Agentic Retrieval-Augmented Generation for Financial Document Question Answering
New agentic RAG framework cracks complex financial documents using Python code and self-verification loops.
Financial document QA requires multi-step numerical reasoning across tables, narratives, and footnotes—a challenge that single-pass RAG systems fail to handle. The new FinAgent-RAG framework tackles this with an iterative retrieval-reasoning loop that self-verifies answers. It introduces three innovations: a Contrastive Financial Retriever trained with hard negative mining to distinguish semantically similar but numerically distinct passages, a Program-of-Thought module that writes and executes Python code for precise arithmetic instead of relying on error-prone LLM mental math, and an Adaptive Strategy Router that dynamically allocates compute based on question complexity.
Tested on three benchmarks, FinAgent-RAG achieves 76.81% (FinQA), 78.46% (ConvFinQA), and 74.96% (TAT-QA) execution accuracy—outperforming the strongest baseline by 5.62 to 9.32 percentage points. The router alone reduces API costs by 41.3% on FinQA without sacrificing performance. Cross-backbone evaluations with four LLMs confirm robustness, and the framework is designed for practical deployment in financial institutions. The paper is 22 pages with 11 figures and 13 tables, submitted to Expert Systems with Applications.
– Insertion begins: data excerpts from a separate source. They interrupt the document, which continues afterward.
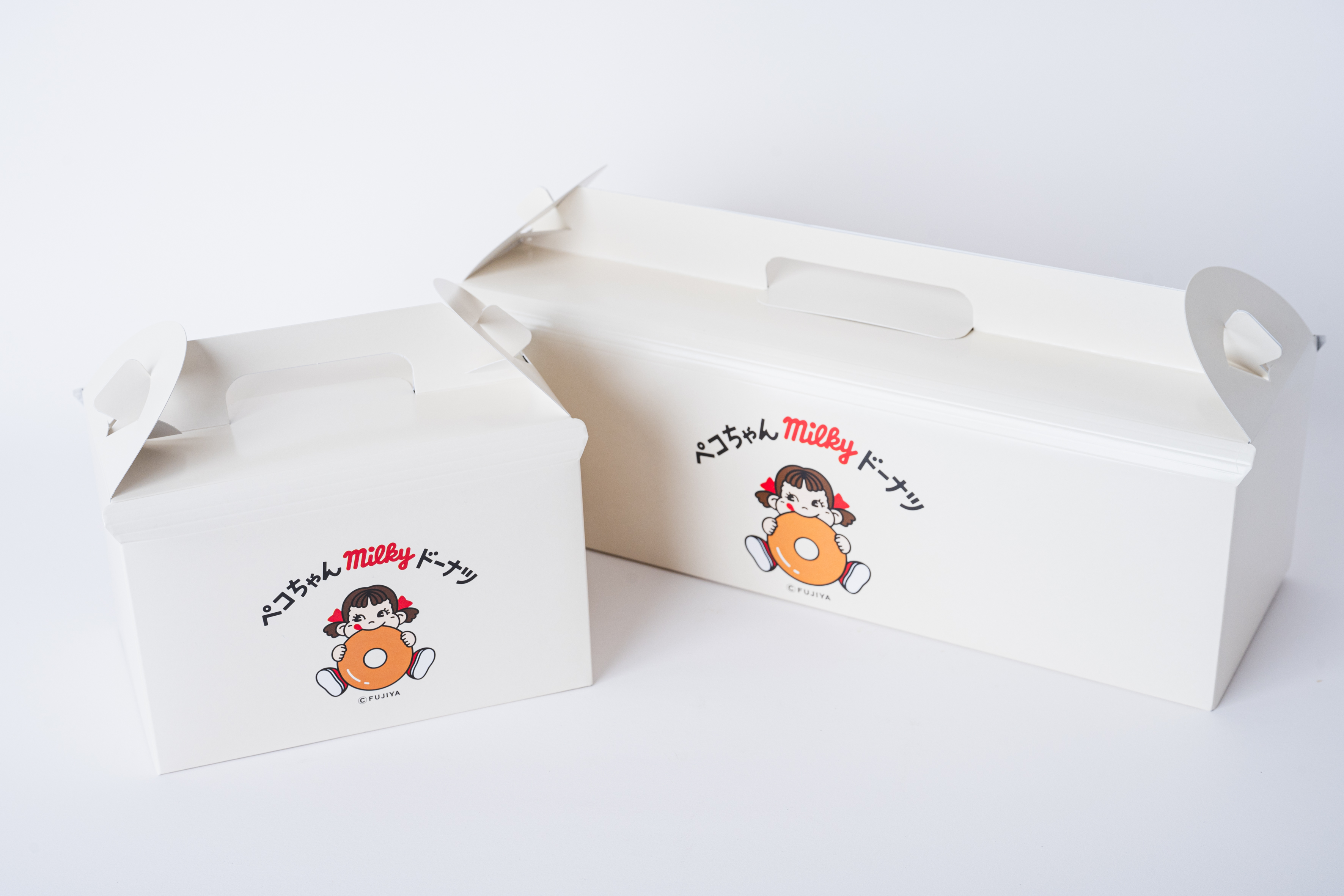 まとめ買いすると無料の箱に入れてくれるサービスも。「ペコちゃん」がドーナツを食べているイラストがかわいく、手土産に持っていきたくなります!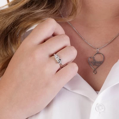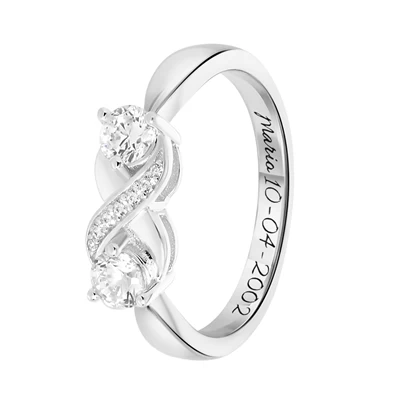 Deze mooie ring is gemaakt van het materiaal zilver en heeft schitterende zirkonia stenen. De gravure wordt zwart afgewerkt. Let op: Dit artikel wordt speciaal gemaakt op bestelling.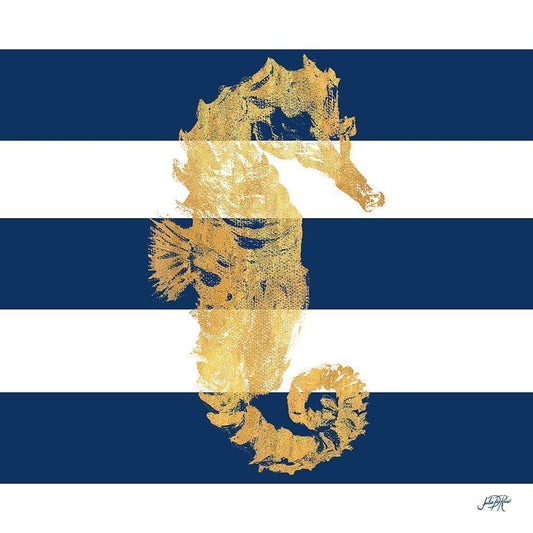 Gold Seahorse on Stripes I White Modern Wood Framed Art Print by DeRice, Julie

- Achieves 76.81%, 78.46%, and 74.96% execution accuracy on FinQA, ConvFinQA, and TAT-QA benchmarks.
- Outperforms strongest baseline by 5.62–9.32 percentage points across all three datasets.
- Adaptive Strategy Router reduces API costs by 41.3% on FinQA while preserving accuracy.
Why It Matters
Financial analysts can now reliably query complex filings with precise numerical reasoning, saving time and cutting API costs.